**** Records shown ****

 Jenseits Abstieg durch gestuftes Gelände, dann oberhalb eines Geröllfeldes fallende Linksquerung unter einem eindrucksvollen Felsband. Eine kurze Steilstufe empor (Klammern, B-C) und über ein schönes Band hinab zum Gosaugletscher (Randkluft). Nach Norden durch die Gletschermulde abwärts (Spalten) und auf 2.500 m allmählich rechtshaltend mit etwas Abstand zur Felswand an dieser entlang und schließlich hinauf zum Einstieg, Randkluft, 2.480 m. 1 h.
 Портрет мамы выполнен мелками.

****
**** Records shown ****

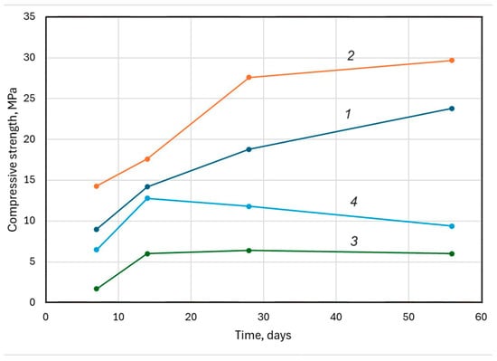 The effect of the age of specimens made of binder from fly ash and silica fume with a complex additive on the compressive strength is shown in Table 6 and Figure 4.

****

(Action item):
Look above for the line with "Jenseits Abstieg durch"; retype exactly that line, every line after it up to the line with "Портрет мамы выполнен мелками.", and that line too, nothing else.

(Task solution):
 Jenseits Abstieg durch gestuftes Gelände, dann oberhalb eines Geröllfeldes fallende Linksquerung unter einem eindrucksvollen Felsband. Eine kurze Steilstufe empor (Klammern, B-C) und über ein schönes Band hinab zum Gosaugletscher (Randkluft). Nach Norden durch die Gletschermulde abwärts (Spalten) und auf 2.500 m allmählich rechtshaltend mit etwas Abstand zur Felswand an dieser entlang und schließlich hinauf zum Einstieg, Randkluft, 2.480 m. 1 h.
 Портрет мамы выполнен мелками.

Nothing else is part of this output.